11.523: Fundamentals of Spatial Database Management
11.524: Advanced Geographic Information System Project 

Grouping Zoning Applicants via Lookup Tables
Joseph Ferreira, Jr.


This sequence of SQL queries uses Clark Broida's Zoning database to illustrate strategies for combining local information with other people's data.  The examples use SQL queries of data in an Oracle database engine.  However, the SELECT queries are standard and will work unchanged in Postgres. A few format commands (such as COLUMN fname FORMAT A15) are Oracle-specifc to affect how the output table is displayed.  They are not needed in Postgres.  Also, be aware that the general idea of using customized lookup tables to avoid changing official tables when editing and regrouping data applies equally well to the Boston parcel database or to the Boston zoning variance database (as well as to many other datasets).  However, the specific queries will vary depending upon which (and how many) columns need adjustment, how you wish to group records, and the like.  The book chapter used the Boston parcel database and this webpage uses the zoning variance database.  Do you see how the same basic idea is utilized even though the specific queries are different?

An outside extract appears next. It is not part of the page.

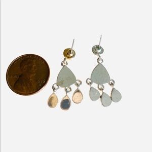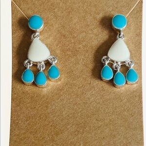 This is a very adorable pair of vintage earrings with dangles. The center is cream white and dangles are teal colored. The size is 1 1/4” x 1/2”.
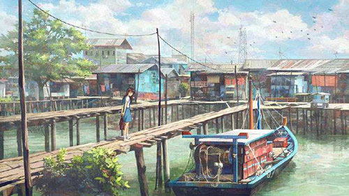 | 遠方的天一絲絲微亮了起來。是魚肚的浮白,一層層淡淡地從啟明星邊的灰藍中褪了出來,淡金色的微光散在雲邊。小趙拉開酒紅色的簾子,昂著頭,就那麽靜靜地站著。絲簾垂在兩邊,框住了這嶄新的、朦朧的一切。 小趙的舊靴子在接連幾天的暴雨轟擊下終於開了膠。她拖著四下離散的鞋底往教室踱去,淩晨5點半,她熱愛這孤獨的時刻,這讓她覺得自己與別人不一樣。每個人都不甘平凡的吧,她想。雨水混著汙水汩汩地在下水道悶聲流著,摻著河裏淨化水質用的噴泉傾灑的聲音,竟也顯得不那麽陰暗了。隻是下水道早已被不知名的塑料袋或是一些其他異物堵住了,豁口不夠呼吸,於是那些汙水和其餘發臭的垃圾一起,回旋上升,然後匯成一團黃白色的液體緩緩浮上來。像是免疫時傾瀉出的膿液,昭示著克服感染的成果,或是被同化的結果。汩汩地流著,一層一層慢慢湧上來,似乎要把小趙吞沒。那些異物,不斷的,發黃的,淌著血液的,肮髒的,又是誰的?

The 'ZONING' database contains information about all zoning variances formally requested in Boston during two+ years in the mid-1980s -- the heyday of the Boston's 80s boom. Suppose we wish to compare the types of zoning variances filed by public and private institutions and by individuals during that time. The 'applicant' field stores the name of zoning variance applicants and is often enough to tell us whether it was a company, the city, a non-profit organization, or an individual. For example, here's everyone with 'Boston' in their name:

COLUMN fname FORMAT A15

 select applicant, fname, count(*) AS variances
   from zoning
  where applicant like '%BOSTON%'
  group by applicant, fname
  order by applicant, fname;
APPLICANT                      FNAME            VARIANCES
------------------------------ --------------- ----------
BANK OF BOSTON                                          1
BOSTON CENTER FOR THE ARTS                              1
BOSTON CHATAQUA PROPERTIES,INC                          1
BOSTON COLLEGE HIGH SCHOOL                              1
BOSTON COLLEGE, TRUSTEES OF                             1
BOSTON DESIGN CENTER                                    1
BOSTON FOOD COOPERATIVE INC.                            1
BOSTON HOUSING AUTHORITY                                3
BOSTON LOCK & SAFE COMPANY                              1
BOSTON PRESERVATION ALLIANCE                            1
BOSTON SCHOOL HOUSE ASSOCIATES                          1
... 25 rows, several with more than one record
Here's everyone with 'university' in their name:
 SELECT applicant, fname, count(*) as variances
   FROM zoning
  WHERE applicant LIKE '%UNIVERSITY%'
  GROUP BY applicant, fname
ORDER BY applicant, fname;
APPLICANT                      FNAME            VARIANCES
------------------------------ --------------- ----------
BOSTON UNIVERSITY                                       1
BOSTON UNIVERSITY, TRUSTEES                             1
BOSTON UNIVERSITY, TRUSTEES OF                          1
HARVARD UNIVERSITY                                      1
NORTHEASTERN UNIVERSITY                                 3
SHOWA WOMEN'S UNIVERSITY OF JA                          1
SUFFOLF UNIVERSITY                                      1
Note that Boston University submitted 3 variances and their 'name' is spelled differently each time. We could standardize the spelling of Boston University in the zoning table. But, if the zoning table was maintained by another agency and updated periodically (to report hearing results, subsequent design review outcomes, etc.) we do not want to make any changes to our copy of the 'master' zoning table. Even if we are fixing spelling errors, we would have to make the corrections all over again each time a new 'official' version of the zoning table arrived.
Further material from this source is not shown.